Find the line with "3LDK(61.14m²)└ 3階:LDK11.3帖 和室6帖 洋室5.7帖 洋室5帖" in the data below. Repeat it and every line after it up to the end, exactly, but drop the pictures.

- Opening Delimiter -

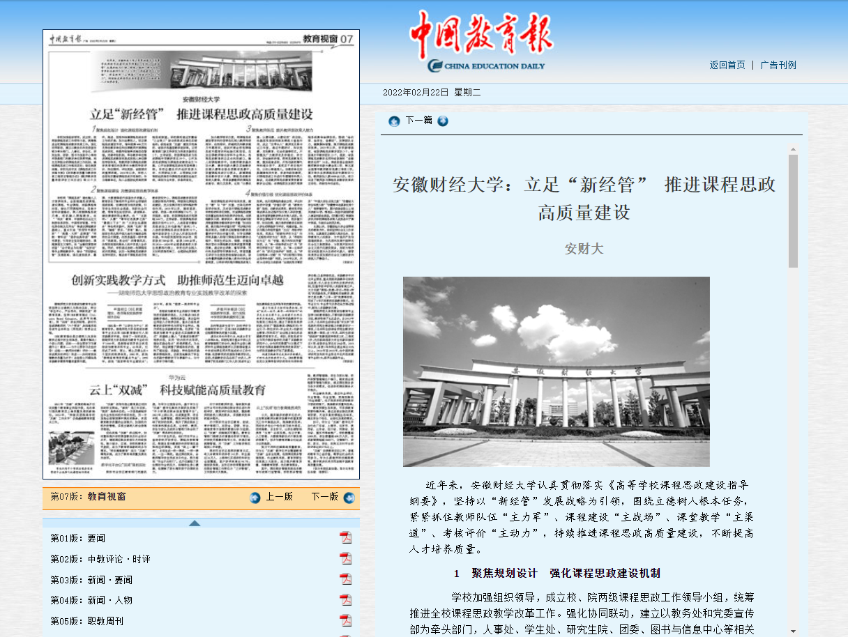 近日,《中国教育报》以《安徽财经大学:立足“新经管” 推进课程思政高质量建设》为题,报道我校“新经管”建设成效。全文如下:
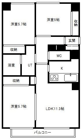 3LDK(61.14m²)└ 3階:LDK11.3帖 和室6帖 洋室5.7帖 洋室5帖
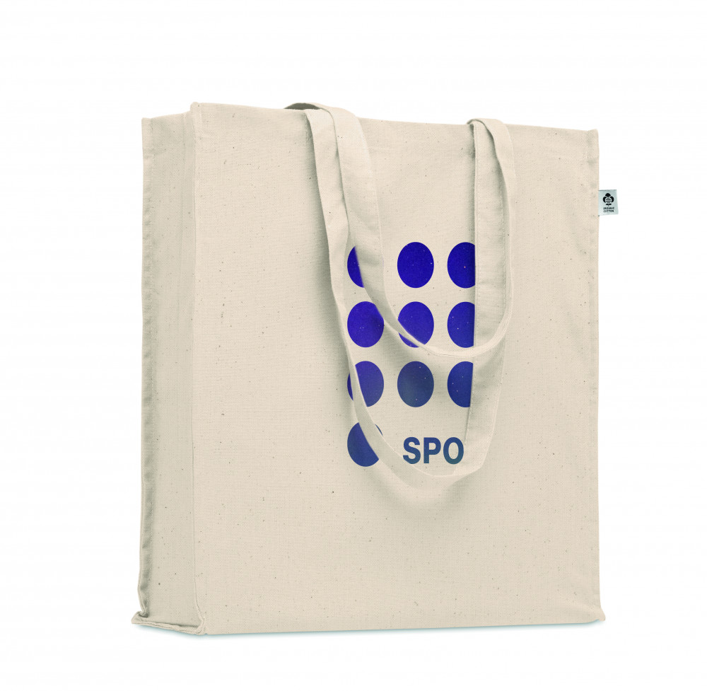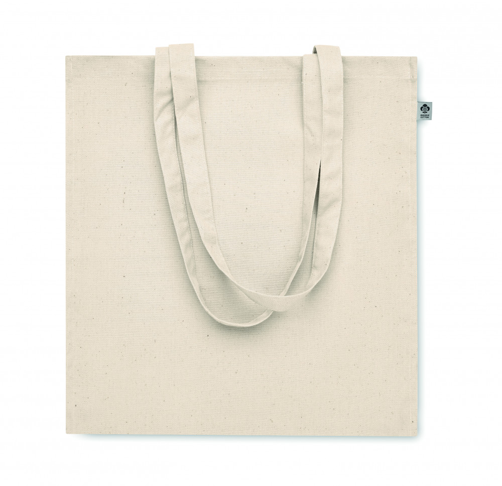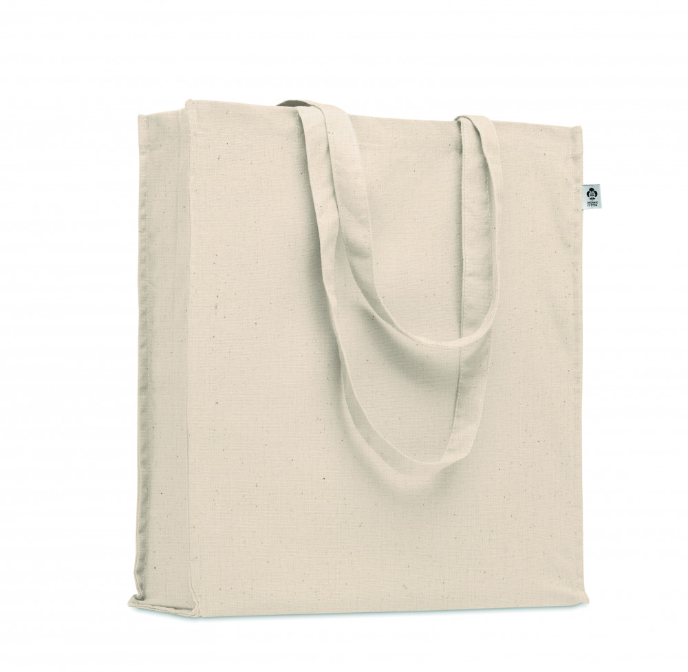 Biopamut bevásárlótáska hosszú fülekkel, toldással. 220 g/m² vastag anyag.
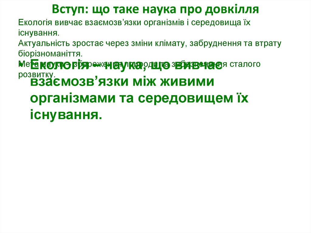 Вступ: що таке наука про довкілляЕкологія вивчає взаємозв’язки організмів і середовища їх
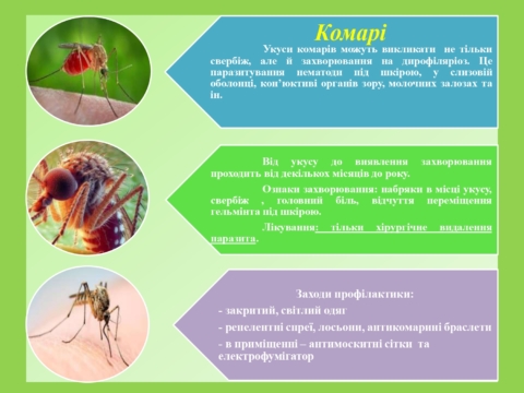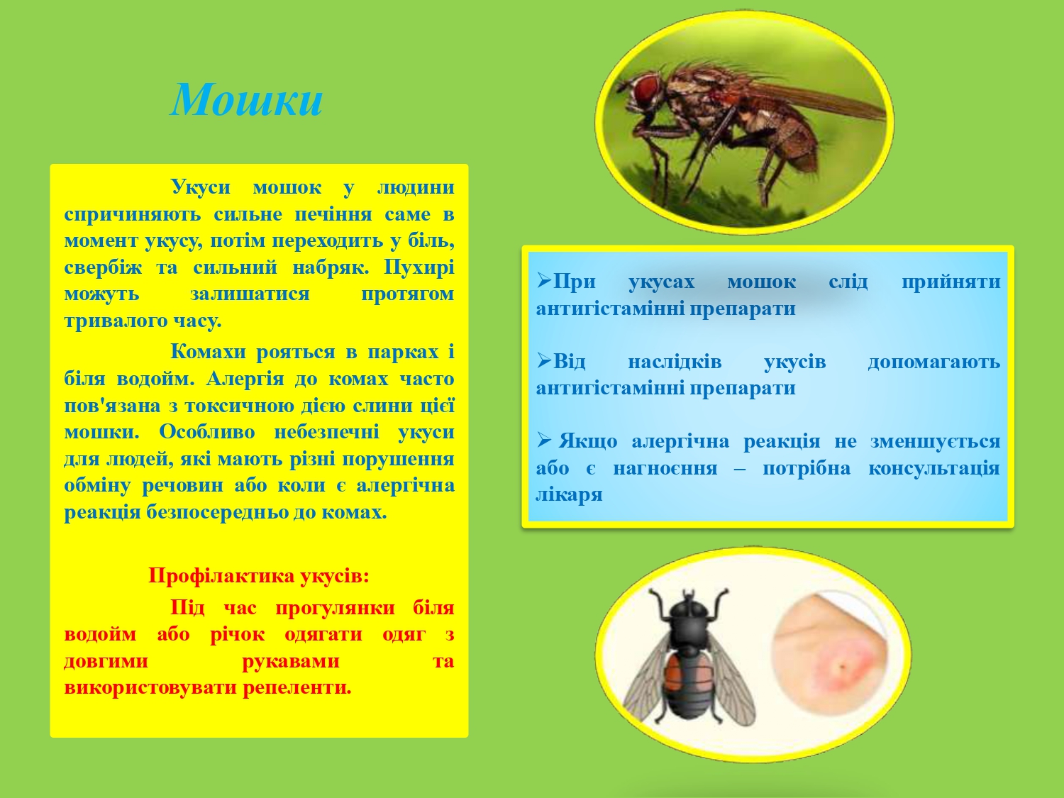• Комарі — викликають свербіж, алергію, а іноді переносять небезпечні інфекції.
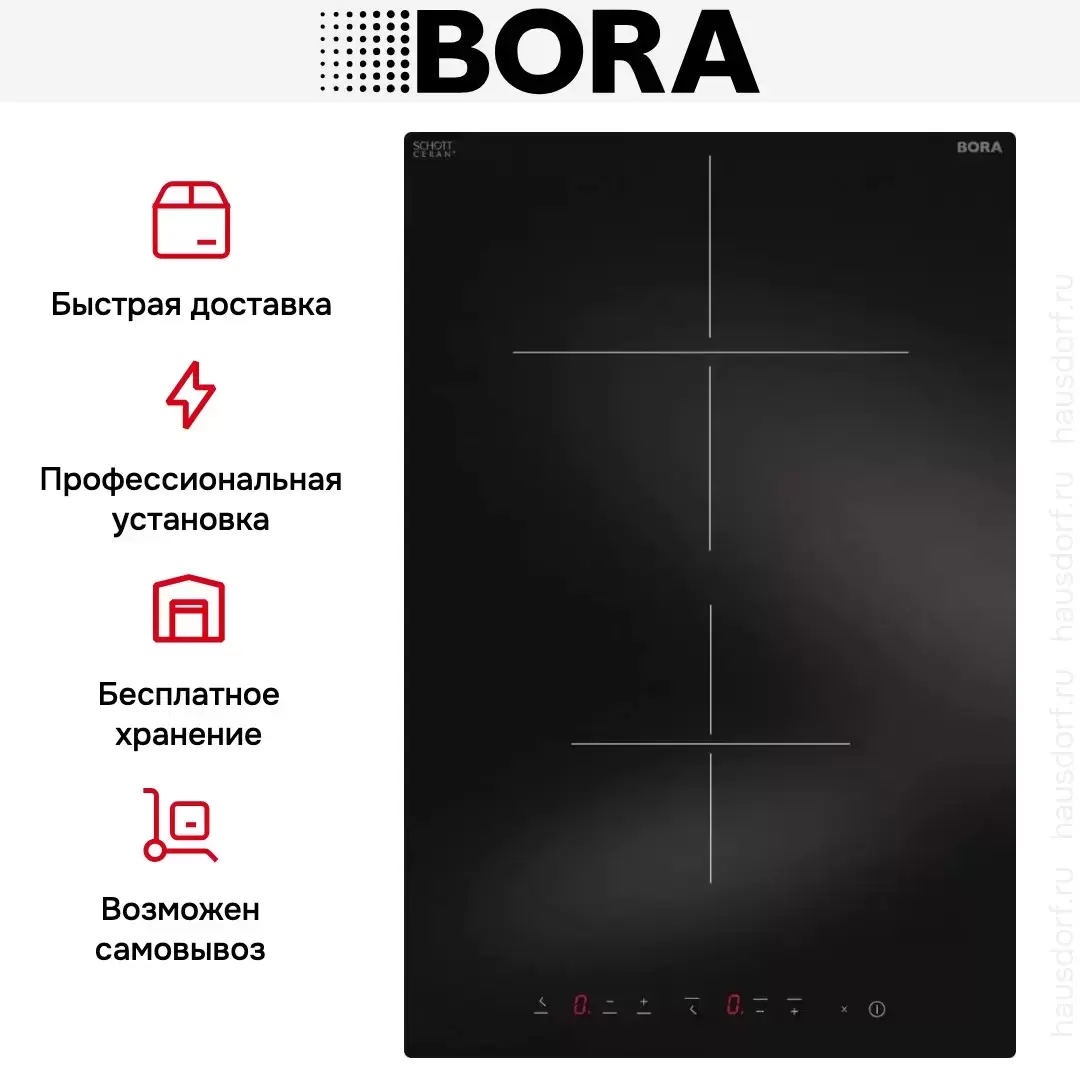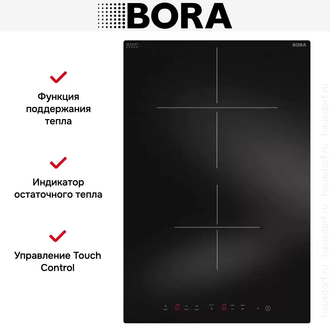 BORA CI11 — независимая индукционная варочная панель с двумя зонами нагрева. Рабочая поверхность модели выполнена из стеклокерамики SCHOTT CERAN®, которая характеризуется высокой механической прочностью. Для контроля времени приготовления предусмотрен электронный таймер, автоматически выключающий конфорку по истечении заданного времени.
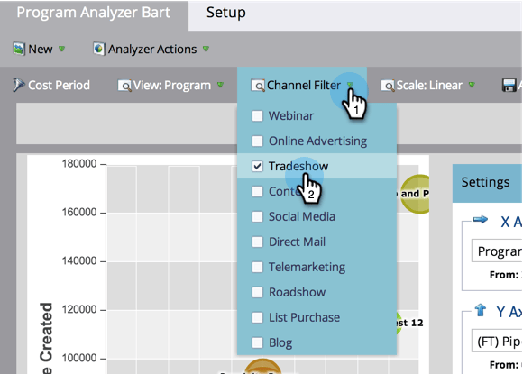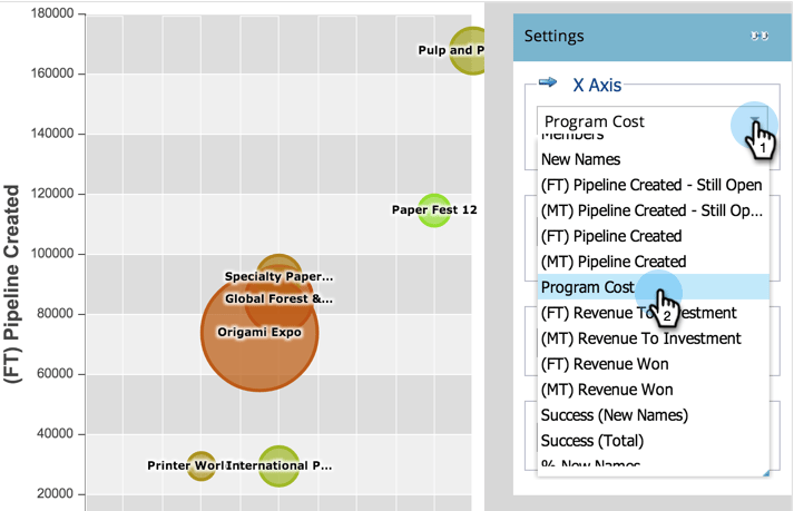 使用 X Axis 下拉菜单选择水平轴的量度。 我们将从 Program Cost 开始。
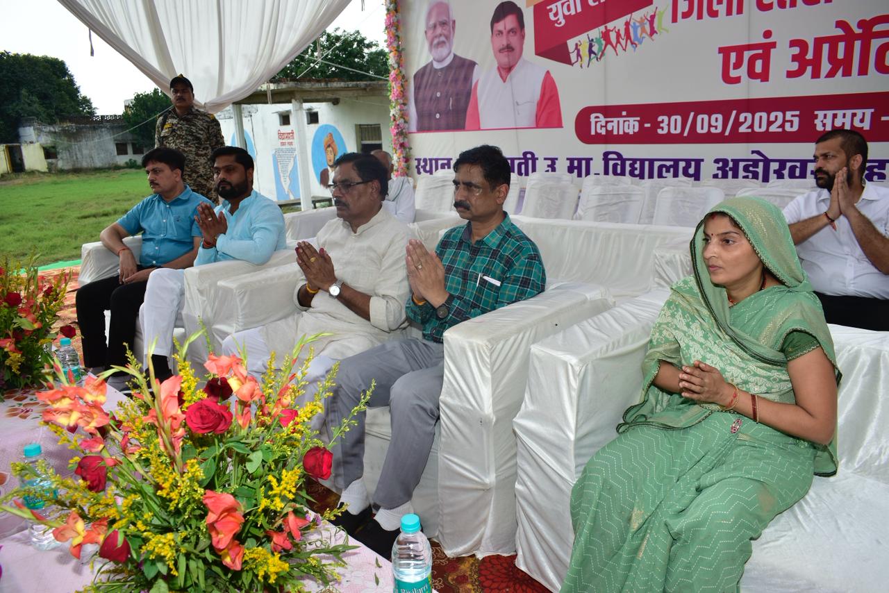 भिण्ड 30 सितम्बर 2025/ मध्यप्रदेश शासन के निर्देशानुसार जिला प्रशासन भिण्ड एवं जिला रोजगार कार्यालय भिण्ड आई.टी.आई भिण्ड तथा जिला व्यापार एवं उद्योग केन्द्र भिण्ड के द्वारा युवा संगम रोजगार मेला अप्रेंटिस मेला तथा स्वरोजगार मेला का आयोजन सरस्वती उ.मा. विद्यालय परिसर अड़ोखर तहसील मेहगाँव में किया गया।

- Closing Delimiter -

The answer »
 3LDK(61.14m²)└ 3階:LDK11.3帖 和室6帖 洋室5.7帖 洋室5帖
 Biopamut bevásárlótáska hosszú fülekkel, toldással. 220 g/m² vastag anyag.
 Вступ: що таке наука про довкілляЕкологія вивчає взаємозв’язки організмів і середовища їх
• Комарі — викликають свербіж, алергію, а іноді переносять небезпечні інфекції.
 BORA CI11 — независимая индукционная варочная панель с двумя зонами нагрева. Рабочая поверхность модели выполнена из стеклокерамики SCHOTT CERAN®, которая характеризуется высокой механической прочностью. Для контроля времени приготовления предусмотрен электронный таймер, автоматически выключающий конфорку по истечении заданного времени.
 使用 X Axis 下拉菜单选择水平轴的量度。 我们将从 Program Cost 开始。
 भिण्ड 30 सितम्बर 2025/ मध्यप्रदेश शासन के निर्देशानुसार जिला प्रशासन भिण्ड एवं जिला रोजगार कार्यालय भिण्ड आई.टी.आई भिण्ड तथा जिला व्यापार एवं उद्योग केन्द्र भिण्ड के द्वारा युवा संगम रोजगार मेला अप्रेंटिस मेला तथा स्वरोजगार मेला का आयोजन सरस्वती उ.मा. विद्यालय परिसर अड़ोखर तहसील मेहगाँव में किया गया।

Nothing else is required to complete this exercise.